Ick. I’ve been sort of wondering if there are any SQLite issues in here, but it’s hard to prove. Have you seen any well-explored-and-documented writeups? If any workarounds were identified, that would be even better.

Sorry, this was a fair way back, maybe 7-8 years ago, and the only solution I found was to avoid the database getting too large by splitting it up.

Hopefully I will have a better internet connection soon, in which case I might start over with one of those large backups and see how it performs with a much larger block size.

I skimmed this thread and appreciate all the research you’ve done. It seems I would benefit from increasing blocksize from 0.5MB to 5MB. Is a blocksize conversion feature likely to be added at some point? It sure would be helpful so we could keep our backup history without doubling the backup size.

1 Like

Looks unlikely with current level of community support. All progress depends on community volunteers.
Volunteers are a bit unpredictable. Sometimes they go. Sometimes new ones arrive.
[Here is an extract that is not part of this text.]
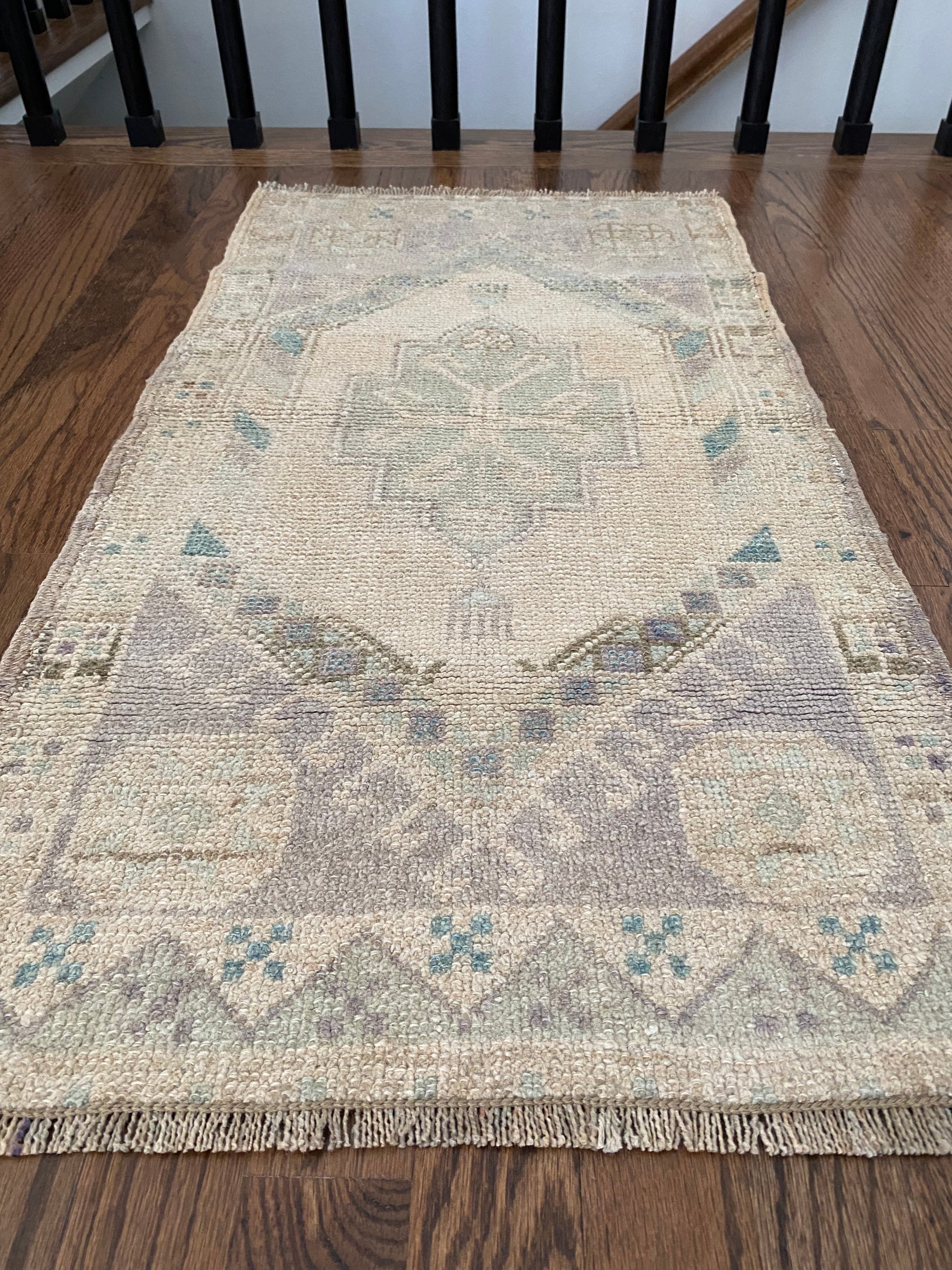 All of our rugs have been professionally cleaned prior to listing. We strive to deliver rugs that everyone loves, but please note that when you purchase from Two Sisters Rugs you are purchasing an item that is pre-owned and vintage by nature. Rugs might have areas of wear, minor repairs, or other unique characteristics, but we believe this is what makes them beautiful and one of a kind. Many rugs do not have perfect lines. All photographs are taken on an iPhone with no filter in natural light unless otherwise noted; colors may vary depending on the placement in your home. Colors may also vary depending on your phone or screen settings. If the area you are placing the rug has less natural light, the rug will appear darker in person. We aim to represent each rugs true colors and designs on the listing photos, but are happy to send additional photos upon request prior to purchase. High quality wool contains a substance called lanolin, which emits a metallic-y, but sweet and grassy scent. ALL SALES ARE FINAL.
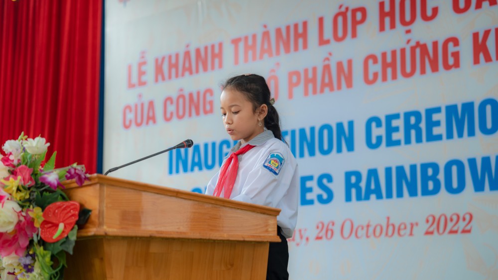 | Đại diện học sinh trường phát biểu bày tỏ cảm ơn tới sự quan tâm, giúp đỡ của Công ty Chứng khoán KB |

It’s hard to plan…

Please read further here on why IMO this is more than just a feature. I’ll highlight, but offer good news.

DB Query Performance Testing, Fixes, and Maintainability had many great thoughts on possibilities, however all of this could probably use some community help. If nothing else, see if below fix helped.

Please change default blocksize to at least 1MB #4629

I am fairly sure I fixed this issue with an index in this pull request:#4687

I had this exact issue but now I don’t after applying the indexes.

I would still like to validate that though on someone else’s dataset.

It’s unclear to me if sanitized database bug reports help, but maybe they do. Thoughts @tarianjed?

2.0.6.101_canary_2022-03-13 is a not-publicized not-autoupdating preliminary Canary release with:

Improved database query performance, thanks @jedthe3rd

so in theory you can evaluate it on your own, however there are other untested changes in there too.
The usual Canary advice applies. Be careful because it contains new fixes and potentially new bugs.

This one is unusually rough in packaging (you can do an install from .zip file) due to signing issues.
It was mainly a quick attempt to solve a Dropbox problem, but it does exist and I’ll be running it soon.

1 Like

I don’t actually have a working backup job yet to validate, but the sanitized database will probably be ok as something to look at, but since it doesn’t have a backup that we could run operations on that database against, all it will be useful for is seeing sizes of tables and one off queries. So it would be good for troubleshooting one persons issues but not broad performance troubleshooting.